Event Driven Strategy Hedge Funds – October 2012

by Ross Ford

  • 03 Oct 2012
  • HF

Event driven hedge funds account for 10% of the 6,132 single manager hedge funds currently tracked by the Preqin. Preqin breaks event driven strategies into five sub-strategies: distressed, event driven, opportunistic, risk/merger arbitrage and special situations. The 2008 global financial crisis created more opportunities for event driven strategies; as a result, event driven is the leading market benchmark strategy over a three year period, with an annualized return of 11.09% as of 31 August 2012.

Pure event driven strategy funds make up a significant proportion (43%) of the funds in the event driven strategy category. Distressed is the next most common strategy with 27%, and special situations funds account for 17% of all funds in the event driven strategies category. Risk/merger arbitrage and opportunistic strategies account for the remaining 13% of funds using an event driven strategy.

North America is the favoured location for event driven funds, with 67% of fund managers with an event driven strategy based in the region. Twenty-two percent of these fund managers are based in Europe and 11% are based in Asia and Rest of World. The Cayman Islands is the most preferred domicile for event driven funds, with 46% of all funds domiciled there. Delaware is the second most favoured domicile, with 38% of event driven funds based in the state. With 84% of all funds domiciled in Cayman Islands and Delaware, it is no surprise to see that the third most favoured domiciled, British Virgin Islands, only represents 4% of all even driven funds.

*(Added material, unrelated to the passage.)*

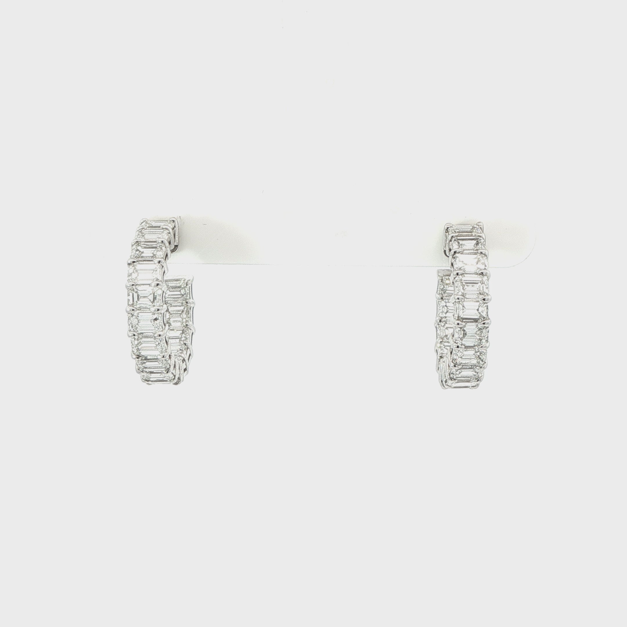 Bold and architectural, these diamond hoop earrings feature a continuous row of emerald cut diamonds set in luminous white gold. The elongated step cut facets create refined, mirror like flashes of light with sophisticated high jewelry presence.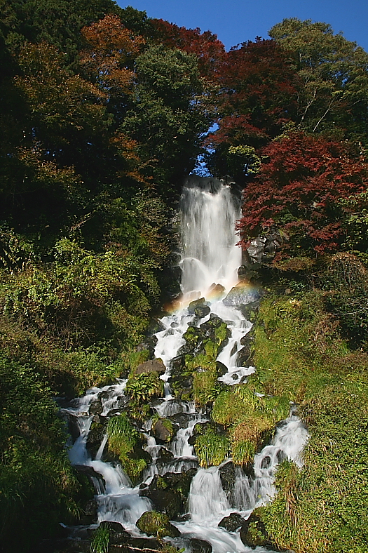 朝日滝 2007/11/25 静岡県富士宮市半野 芝川支流 落差:20m 滝の向き=南 8時40分この場所(熊久保農村公園)に到着し桜やモミジとの組み合わせが楽しめる滝でもあるときき何とも羨ましく思った。 調べてみると百選の「白糸の滝」は富士山の西南に位置し、一帯の豊富な水は小さな発電所が多く存在することからも覗われる。 その白糸の滝から2Kmくらい南西の「朝日滝」の水源は半野用水という江戸時代前に芝川の上流から水を引いた言わば人造川で朝日滝橋からすぐ東に滝口が落ちる。 芝川は白糸の滝主瀑の水源でもあることより同根の滝ということになる。 現在この半野川より取水している東京発電、半野発電所がこの下流にありそのあまり水が公園に落ちる朝日滝だという。 |

Single-manager event driven strategy funds have a mean management fee of 1.62% and a mean performance fee of 19.41%. Event driven funds often have a focus on long term investing; Preqin data shows that event driven strategy funds have an average lock-up period of 11 months, as opposed to 6 months for all single-manager hedge funds. Distressed hedge funds charge some of the lowest fees of any strategy, with a 1.59% management fee and an 18.91% performance fee, but they have the highest average lock-up of any strategy, with an initial lock-up period of 15 months.